Supplied material →
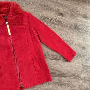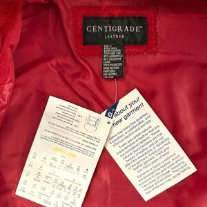 Centigrade Leather Red Faux Fur Collar Leather Zip Up Jacket
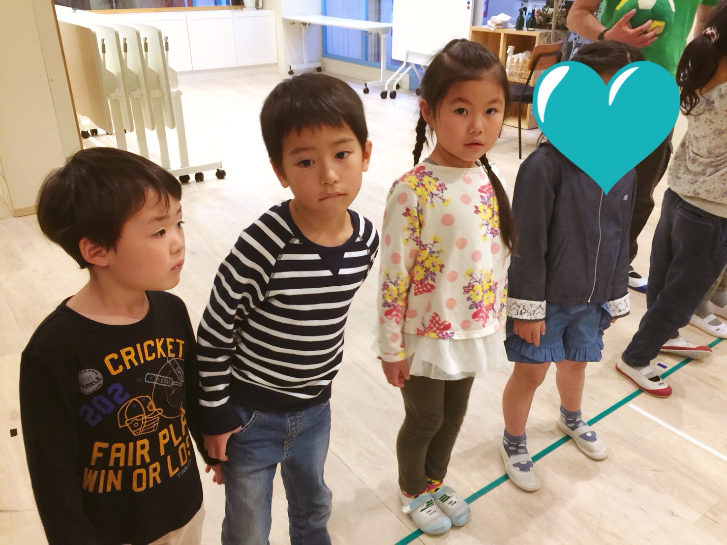 4月からキッズパスポートに通い始めた新1年生さんたちはまだまだ緊張をしている様子。“Hello. How are you?”(ハロー。調子はどう?)
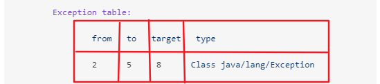 可以看到多出来一个 Exception table 的结构,[from, to) 是前闭后开的检测范围,一旦这个范围内的字节码执行出现异常,则通过 type 匹配异常类型,如果一致,进入 target 所指示行号
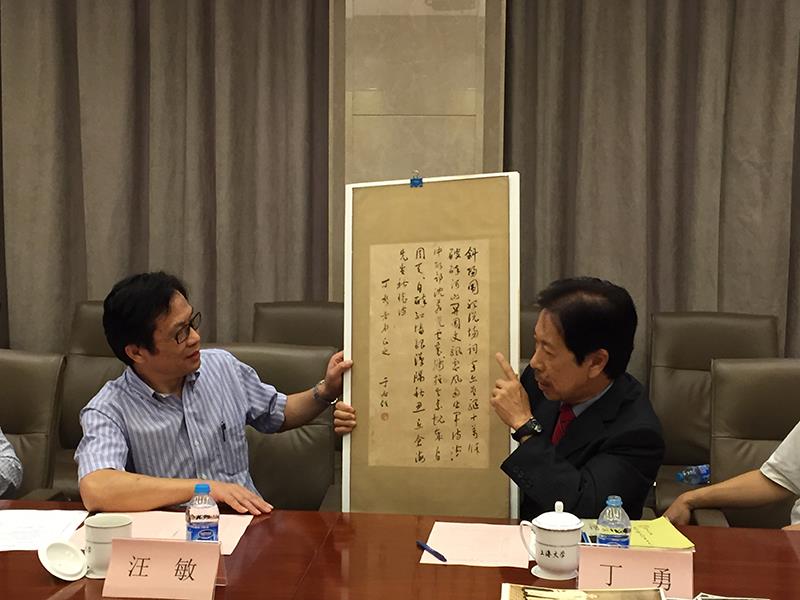 9月25日,Beat365博物馆举行捐赠仪式,老Beat365唯一官方网站校友丁嘉树之子、美籍华人丁勇向Beat365捐赠了其父丁淼(嘉树)的Beat365唯一官方网站学历证明书、于右任书法镜框(题赠丁嘉树)等史料8件。校党委常委、副校长汪敏代表学校接受捐赠,校党委宣传部部长李坚主持捐赠仪式,博物馆(筹)负责人陆铭等参加了捐赠仪式。
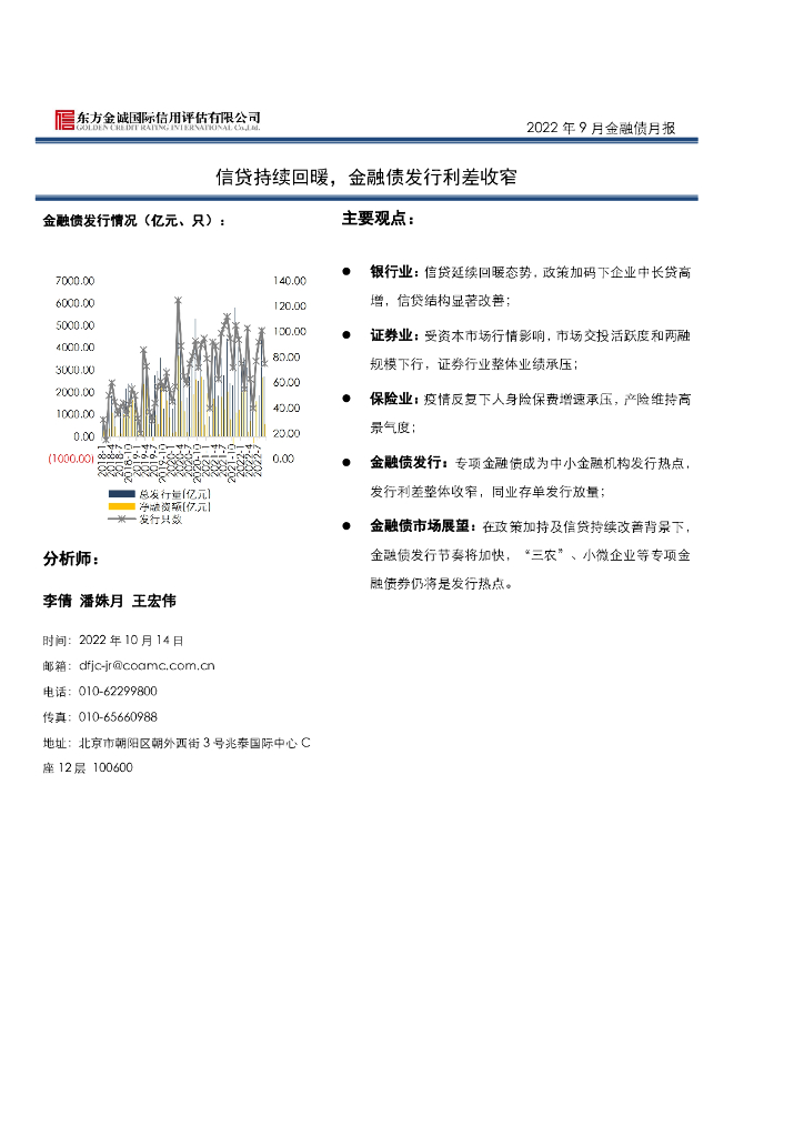 东方金诚:2022年9月金融债月报-信贷持续回暖,金融债发行利差收窄.pdf
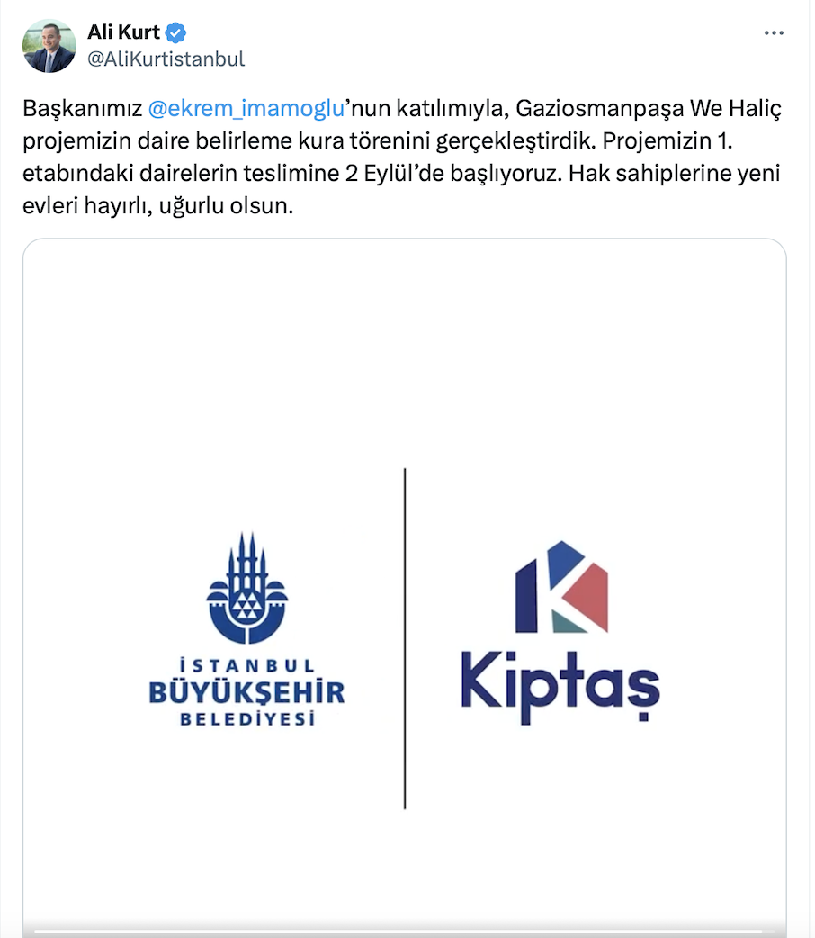 KİPTAŞ Genel Müdürü Ali Kurt'un paylaşımı şu şekilde:
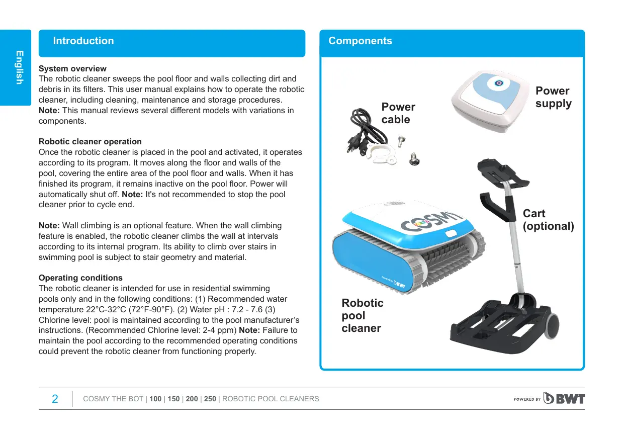 Download the instructions for your Robot de piscine in PDF format for free! Find your manual COSMY 100 / 150 / 200 / 250 - BWT and take your electronic device back in hand. On this page are published all the documents necessary for the use of your device. COSMY 100 / 150 / 200 / 250 by BWT.
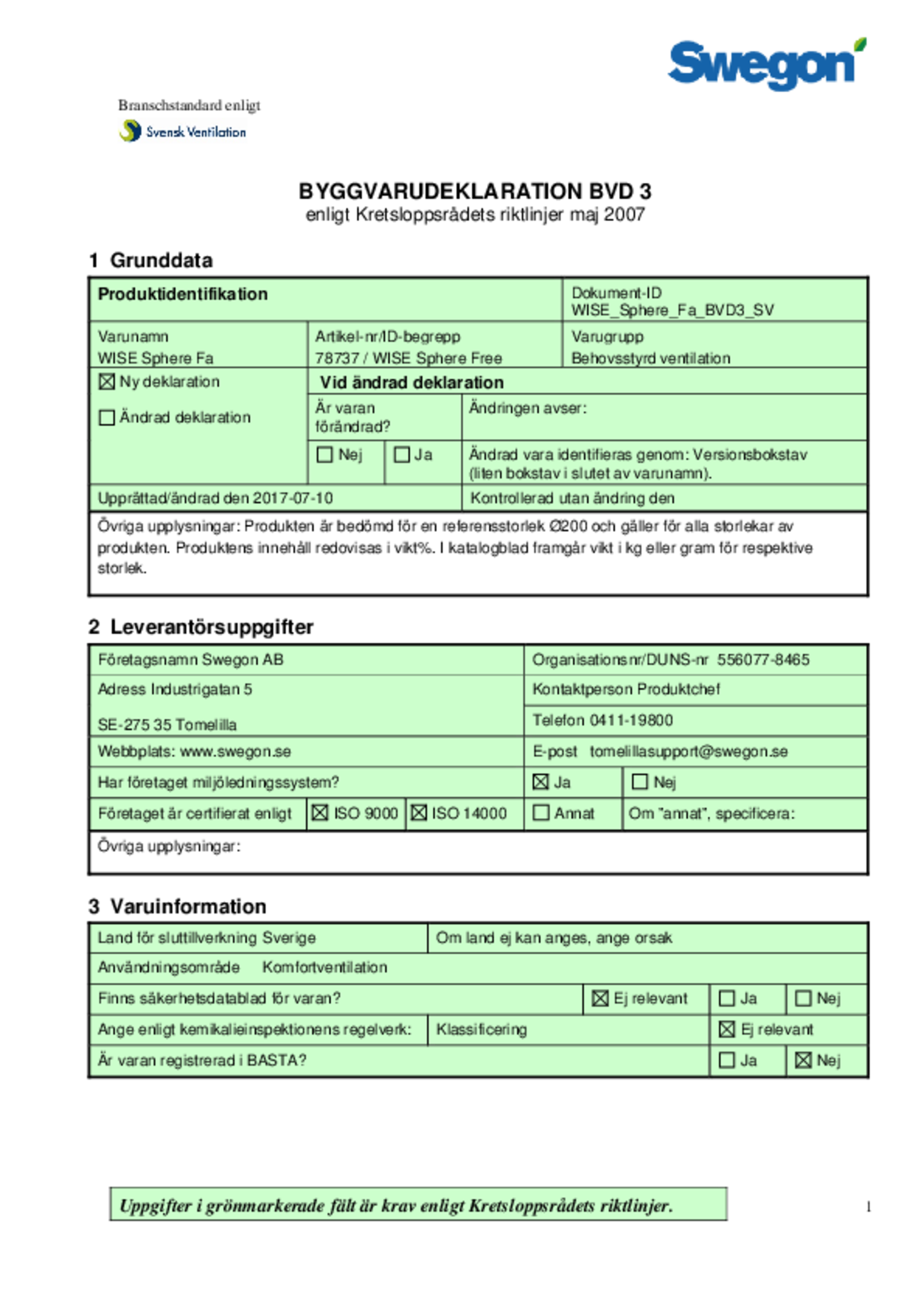 | Byggvarudeklaration (pdf 1.1MB) | WISE Sphere Free a | Kvalitetsdokument | |
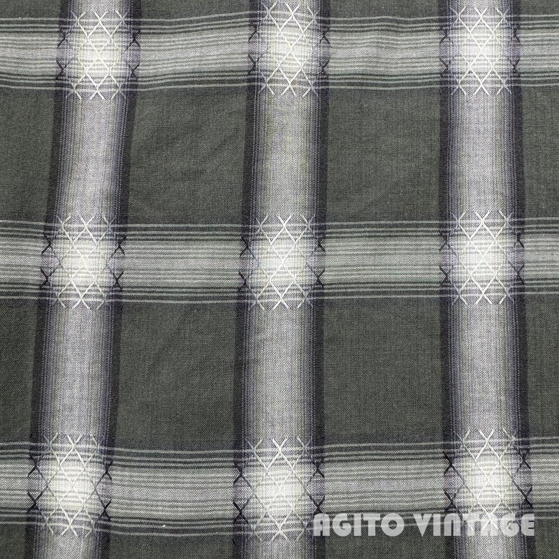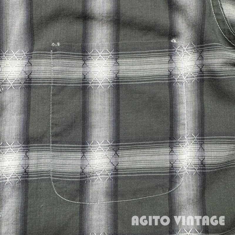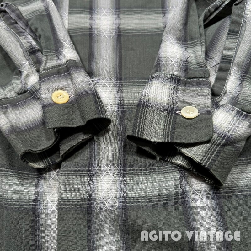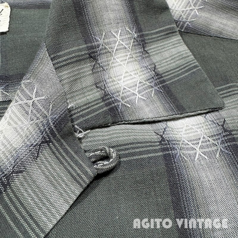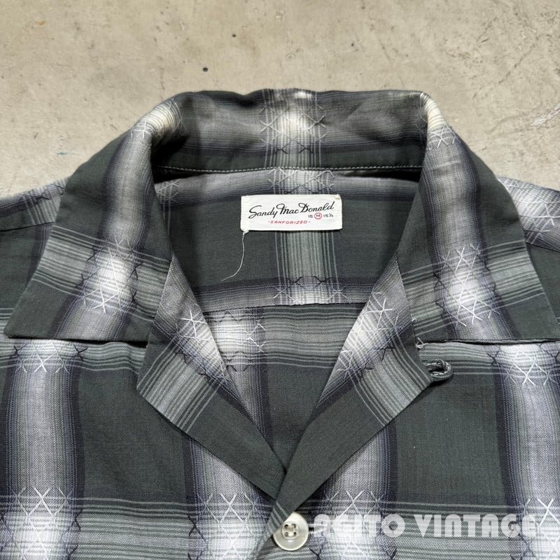 50's 60's Sandy Mac Donald オープンカラーシャツ 開襟 オンブレチェック 織柄 グレー 襟芯なし Mサイズ 希少 ヴィンテージ BA-2551 RM2970H
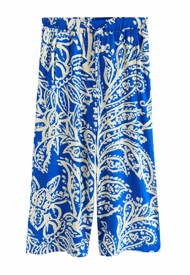 CULOTTES - Nohavice - blue ecru leaf print
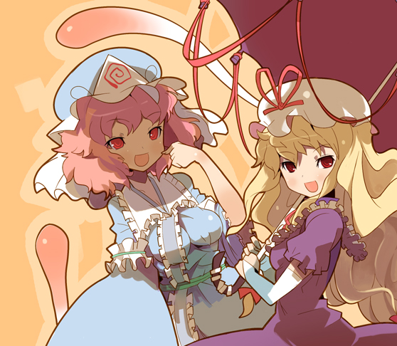 :d2girlsbreastselbow glovesfemale focusgloveshatjapanese clotheskimonolarge breastslooking at viewermob capmultiple girlsopen mouthpink eyespink hairpuffy short sleevespuffy sleevespurple eyesshort sleevessmiletriangular headpieceumbrellawhite gloves
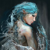 body of a human and the lower body of a fish. The artwork has a dark or moody atmosphere, with a hint of motion as if the character is in mid-movement.
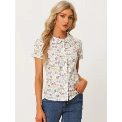 Allegra K Women’s Summer Peter Pan Collar Shirts Button Front Vintage Floral Print Blouse
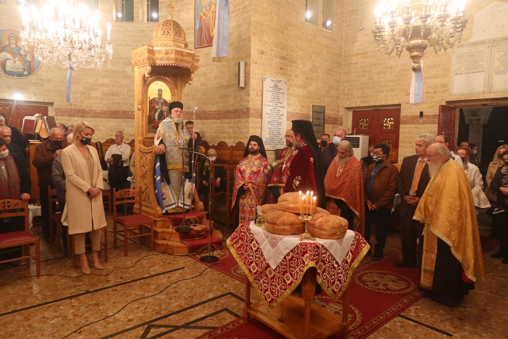 Ευχήθηκε, δε, ο Άγιος Δημήτριος να σκεπάζει και να προστατεύει την Πατρίδα μας, το νησί μας, την πόλη μας, τις οικογένειές μας, τα παιδιά μας, τα Σχολεία μας και να μας δίνει δύναμη να πορευόμαστε στη ζωή μας νικητές, όπως εκείνος.
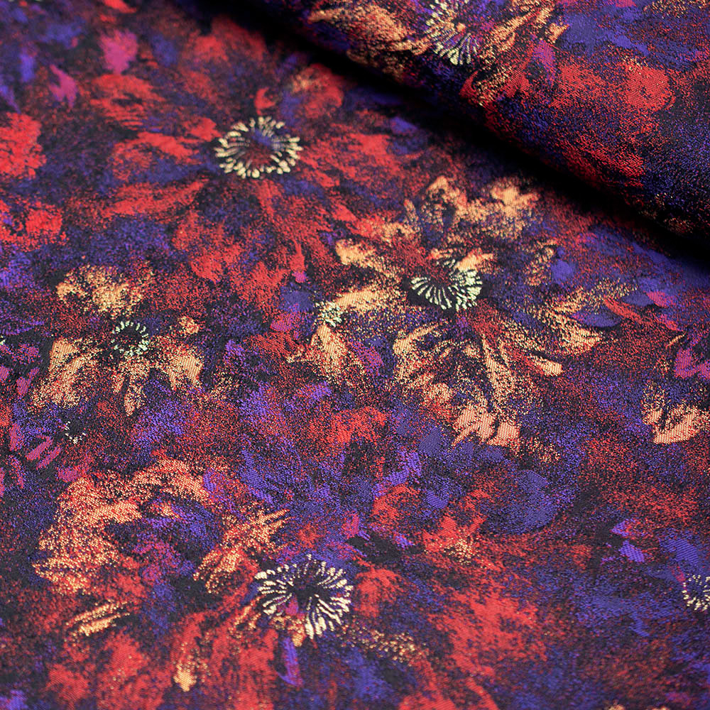 Tkanina żakardowa o wyczuwalnej fakturze zachwyca bogactwem i dekoracyjnością. Złota nitka subtelnie podkreśla kwiatowy wzór, dodając materiałowi elegancji i blasku. To tkanina, która prezentuje się niezwykle efektownie – idealna do szykownych marynarek i żakietów. Jej struktura nadaje projektom głębię i wyrazistość, a jednocześnie zapewnia trwałość i komfort noszenia. Doskonale sprawdza się w kolekcjach premium, gdzie liczy się detal i luksusowy charakter. Ten materiał wnosi do każdej stylizacji nutę klasy i artystycznego wyrazu.
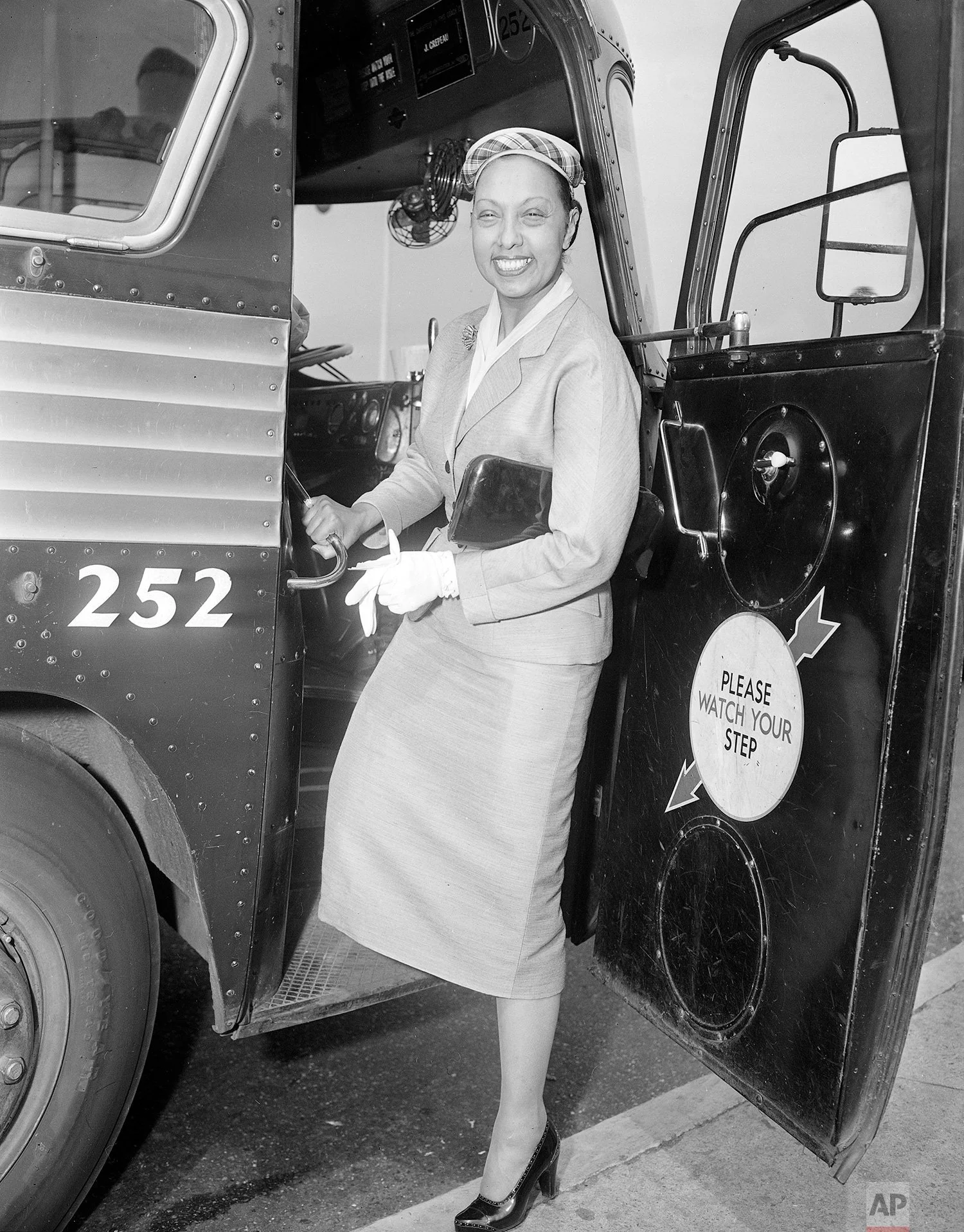 Entertainer and American ex-patriate Josephine Baker boards a bus at New York's Idlewild Airport after being detained by immigration authorities on her arrival from Paris, June 5, 1954, and then permitted to stay until July 1. Ms. Baker, an outspoken champion of civil rights, left the U.S. in 1951 charging that she had been discriminated against in a New York nightclub. (AP Photo)

Task goal →
Set down the material above exactly as it reads, but not its pictures.

Your solution →
 Centigrade Leather Red Faux Fur Collar Leather Zip Up Jacket
 4月からキッズパスポートに通い始めた新1年生さんたちはまだまだ緊張をしている様子。“Hello. How are you?”(ハロー。調子はどう?)
 可以看到多出来一个 Exception table 的结构,[from, to) 是前闭后开的检测范围,一旦这个范围内的字节码执行出现异常,则通过 type 匹配异常类型,如果一致,进入 target 所指示行号
 9月25日,Beat365博物馆举行捐赠仪式,老Beat365唯一官方网站校友丁嘉树之子、美籍华人丁勇向Beat365捐赠了其父丁淼(嘉树)的Beat365唯一官方网站学历证明书、于右任书法镜框(题赠丁嘉树)等史料8件。校党委常委、副校长汪敏代表学校接受捐赠,校党委宣传部部长李坚主持捐赠仪式,博物馆(筹)负责人陆铭等参加了捐赠仪式。
 东方金诚:2022年9月金融债月报-信贷持续回暖,金融债发行利差收窄.pdf
 KİPTAŞ Genel Müdürü Ali Kurt'un paylaşımı şu şekilde:
 Download the instructions for your Robot de piscine in PDF format for free! Find your manual COSMY 100 / 150 / 200 / 250 - BWT and take your electronic device back in hand. On this page are published all the documents necessary for the use of your device. COSMY 100 / 150 / 200 / 250 by BWT.
 | Byggvarudeklaration (pdf 1.1MB) | WISE Sphere Free a | Kvalitetsdokument | |
 50's 60's Sandy Mac Donald オープンカラーシャツ 開襟 オンブレチェック 織柄 グレー 襟芯なし Mサイズ 希少 ヴィンテージ BA-2551 RM2970H
 CULOTTES - Nohavice - blue ecru leaf print
 :d2girlsbreastselbow glovesfemale focusgloveshatjapanese clotheskimonolarge breastslooking at viewermob capmultiple girlsopen mouthpink eyespink hairpuffy short sleevespuffy sleevespurple eyesshort sleevessmiletriangular headpieceumbrellawhite gloves
 body of a human and the lower body of a fish. The artwork has a dark or moody atmosphere, with a hint of motion as if the character is in mid-movement.
 Allegra K Women’s Summer Peter Pan Collar Shirts Button Front Vintage Floral Print Blouse
 Ευχήθηκε, δε, ο Άγιος Δημήτριος να σκεπάζει και να προστατεύει την Πατρίδα μας, το νησί μας, την πόλη μας, τις οικογένειές μας, τα παιδιά μας, τα Σχολεία μας και να μας δίνει δύναμη να πορευόμαστε στη ζωή μας νικητές, όπως εκείνος.
 Tkanina żakardowa o wyczuwalnej fakturze zachwyca bogactwem i dekoracyjnością. Złota nitka subtelnie podkreśla kwiatowy wzór, dodając materiałowi elegancji i blasku. To tkanina, która prezentuje się niezwykle efektownie – idealna do szykownych marynarek i żakietów. Jej struktura nadaje projektom głębię i wyrazistość, a jednocześnie zapewnia trwałość i komfort noszenia. Doskonale sprawdza się w kolekcjach premium, gdzie liczy się detal i luksusowy charakter. Ten materiał wnosi do każdej stylizacji nutę klasy i artystycznego wyrazu.
 Entertainer and American ex-patriate Josephine Baker boards a bus at New York's Idlewild Airport after being detained by immigration authorities on her arrival from Paris, June 5, 1954, and then permitted to stay until July 1. Ms. Baker, an outspoken champion of civil rights, left the U.S. in 1951 charging that she had been discriminated against in a New York nightclub. (AP Photo)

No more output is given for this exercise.